• _Task statement_
Skip the pictures and write out, word for word, the lines below from the one with "NEVER MISS AN" through the one with "A1: LOVILDS™ Eye", inclusive.

==== Provided material

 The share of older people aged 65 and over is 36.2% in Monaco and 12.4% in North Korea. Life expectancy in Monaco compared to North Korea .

========
==== Provided material

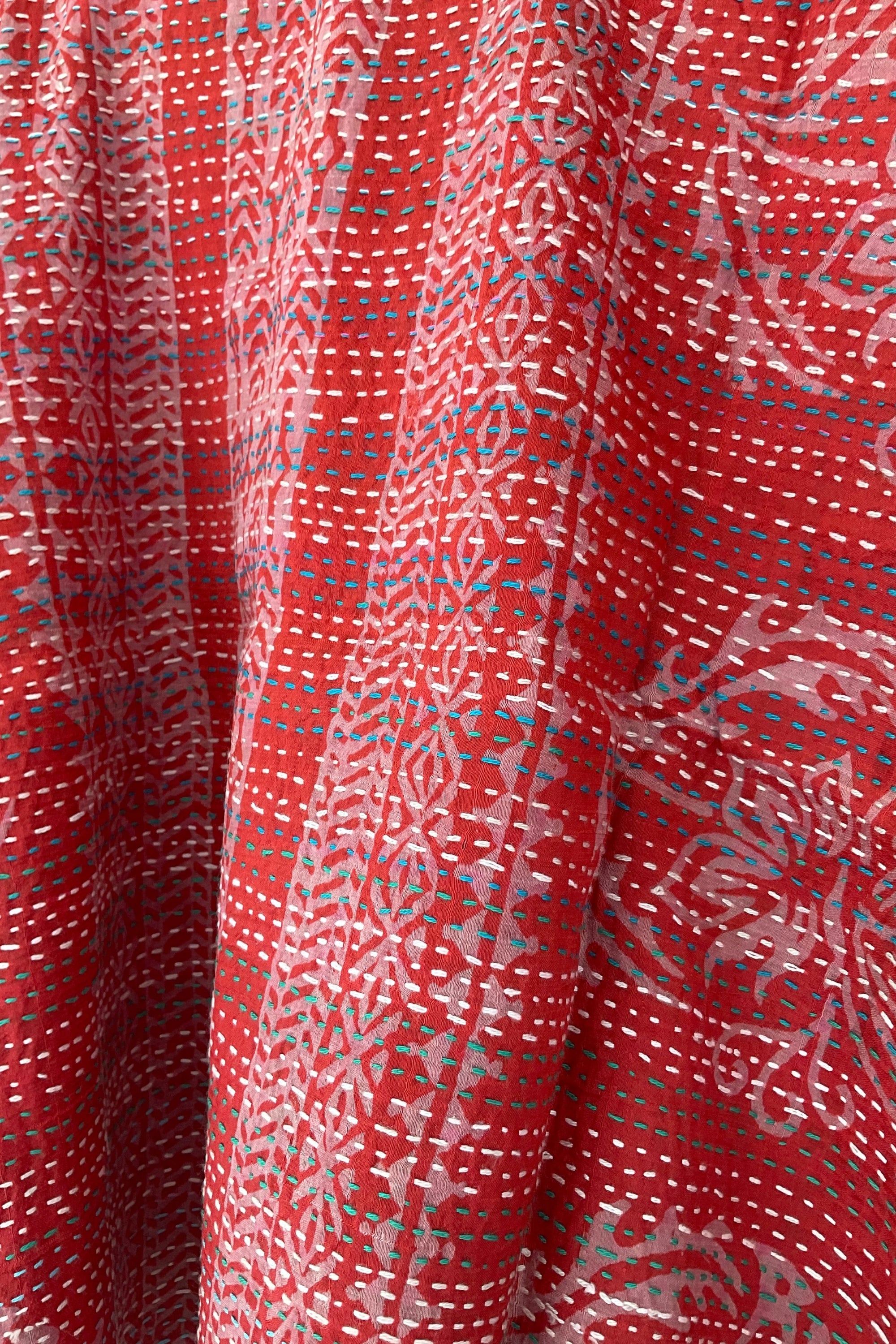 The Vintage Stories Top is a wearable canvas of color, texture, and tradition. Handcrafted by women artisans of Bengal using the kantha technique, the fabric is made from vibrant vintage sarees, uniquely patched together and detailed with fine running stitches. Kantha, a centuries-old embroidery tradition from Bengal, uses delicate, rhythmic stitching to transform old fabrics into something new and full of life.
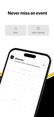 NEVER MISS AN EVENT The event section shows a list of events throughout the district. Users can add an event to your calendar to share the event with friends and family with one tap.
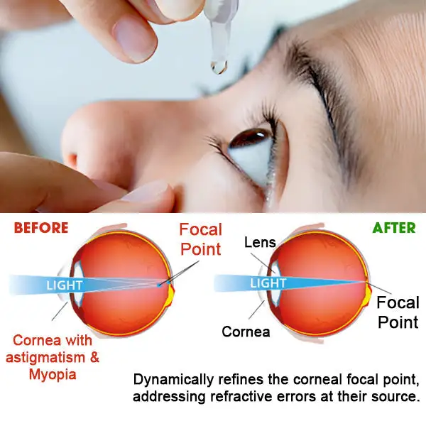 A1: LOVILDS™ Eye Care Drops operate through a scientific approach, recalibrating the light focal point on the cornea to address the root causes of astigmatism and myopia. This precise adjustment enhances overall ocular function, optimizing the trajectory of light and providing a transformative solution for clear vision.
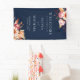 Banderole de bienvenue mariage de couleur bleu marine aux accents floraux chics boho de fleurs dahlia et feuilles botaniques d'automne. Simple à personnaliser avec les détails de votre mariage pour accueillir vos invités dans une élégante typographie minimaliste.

========

• _Task output_
 NEVER MISS AN EVENT The event section shows a list of events throughout the district. Users can add an event to your calendar to share the event with friends and family with one tap.
 A1: LOVILDS™ Eye Care Drops operate through a scientific approach, recalibrating the light focal point on the cornea to address the root causes of astigmatism and myopia. This precise adjustment enhances overall ocular function, optimizing the trajectory of light and providing a transformative solution for clear vision.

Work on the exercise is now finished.